Referring to FIG. 4, there is shown a third embodiment of the pressure portion 32 which comprises a pair of curved arm portions 52 and 54, each portion depending from the lever portions 30 and 31 respectively and so formed to engage each other thereby locating the lever portions 30 and 31 of the connector 20 in a home position. Upon movement of the lever portions 30 and 31 towards each other, the arm portions 52 and 54 will be compressed, resulting in the ends of the arm portions 52 and 54 slidably moving rearwardly and thereby exerting a constant outward pressure on the lever portions 30 and 31 to return to their home position.

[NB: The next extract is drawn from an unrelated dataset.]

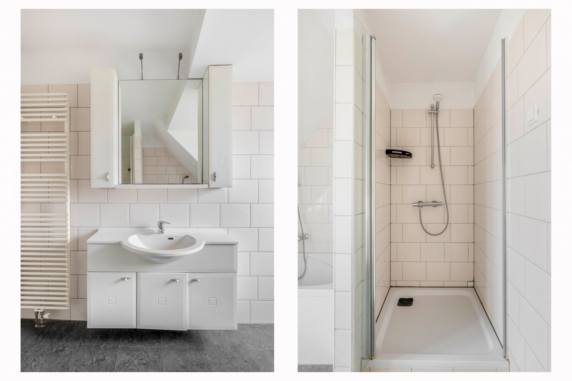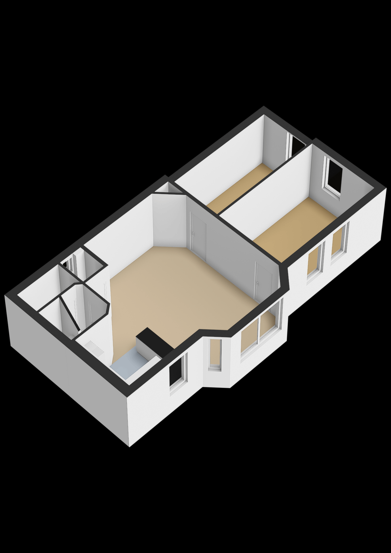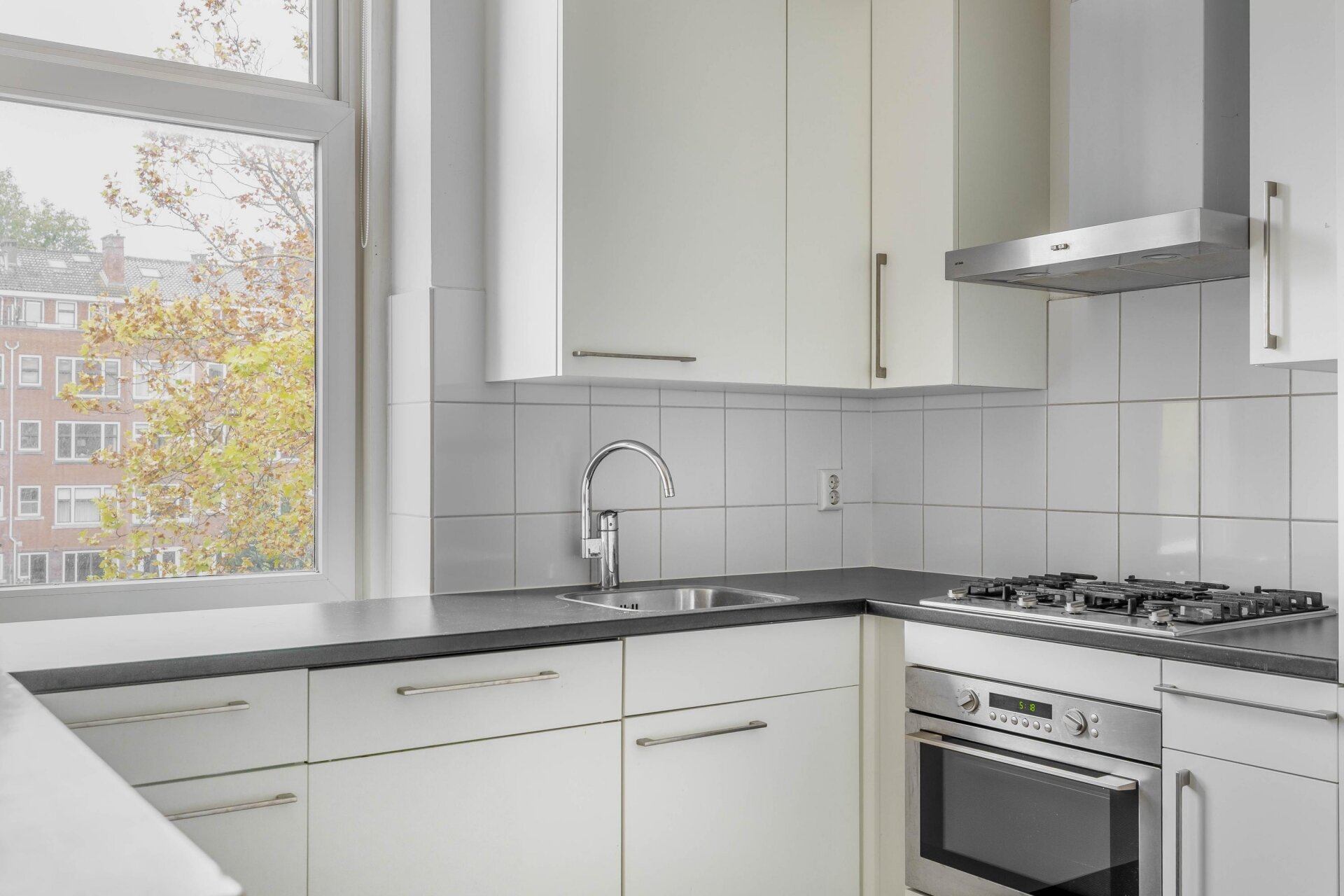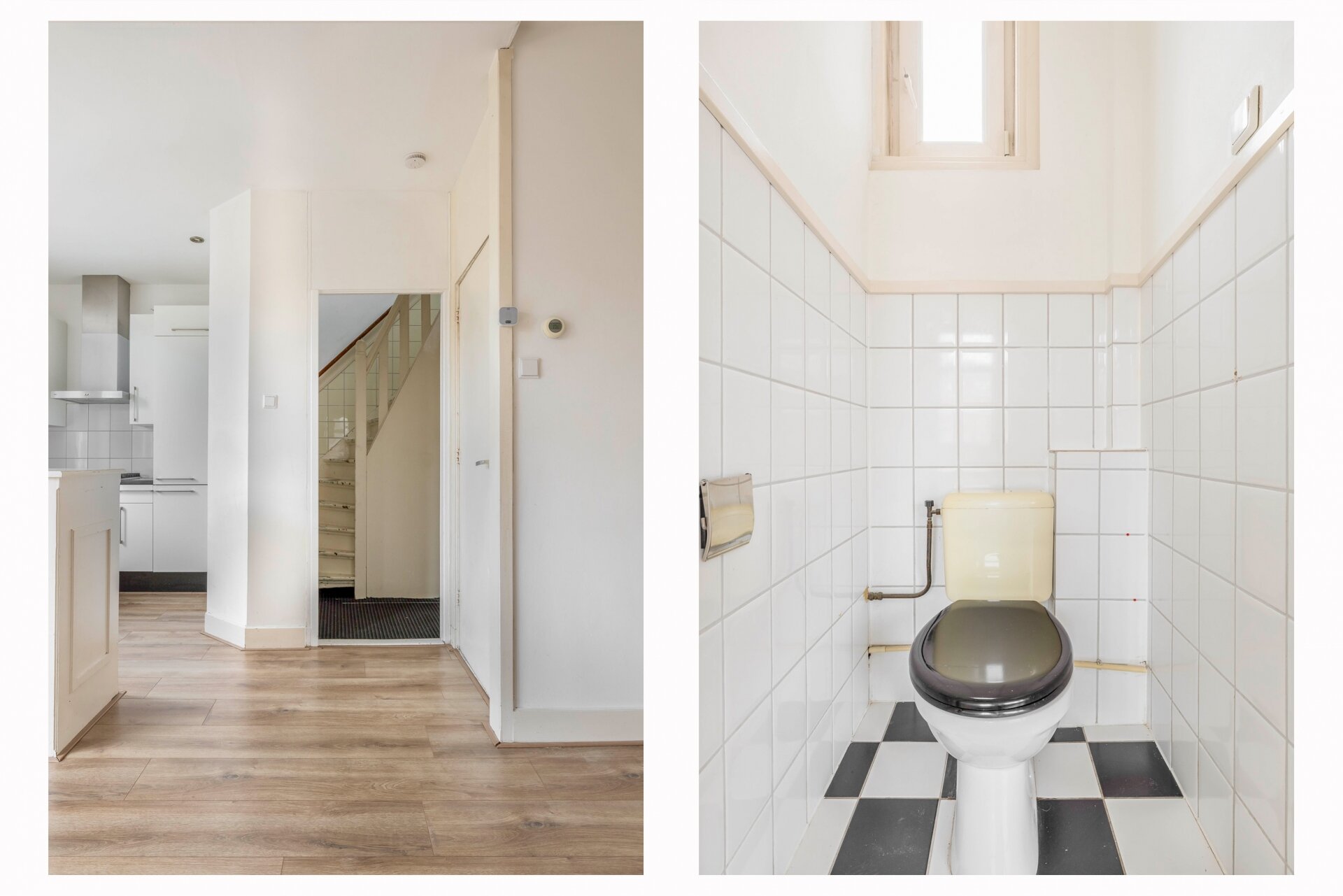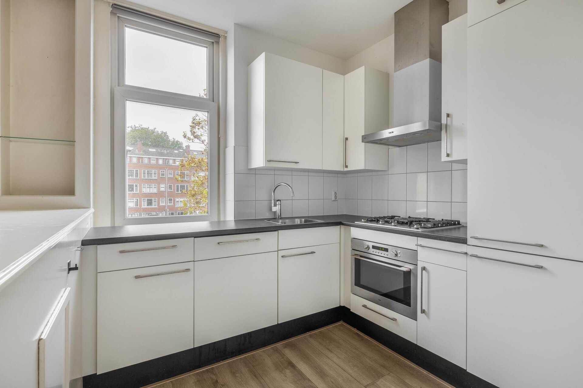 De keuken ligt aan de achterzijde en is praktisch ingericht, met voldoende kastruimte en plek voor apparatuur. De interne trap leidt naar de derde woonlaag, waar zich de slaapkamers bevinden. In totaal telt de woning vier kamers, waarvan drie te gebruiken zijn als slaapkamer en één als werk-, hobby- of logeerkamer. De badkamer is netjes en functioneel uitgevoerd met ruimte voor een wastafel en douche.

It is obvious that each of the embodiments of the electrical connector disclosed in FIGS. 2, 3 and 4 provides a low-cost electrical connector which is of a one-piece molded or extruded plastic construction. Also, it is clear that such connector is capable of being cut to any width to hold any number of conductors of an electrical component in contact with electrical conductors in a printed circuit board. Due to the inherent deformation of the pressure portion 32 when the connector engages the electrical component and the printed circuit board, the connector provides a constant pressure on the conductors despite thickness tolerances insuring a more positive contact between the conductors of the printed circuit board and the component.

While the principles of the invention have now been made clear in the illustrated embodiments, it will be obvious to those skilled in the art that many modifications of structure, arrangements, elements and components can be made which are particularly adapted for specific environments and operating requirements without departing from these principles. The appended claims are therefore intended to cover any such modification, within the limits of the true spirit and scope of the invention.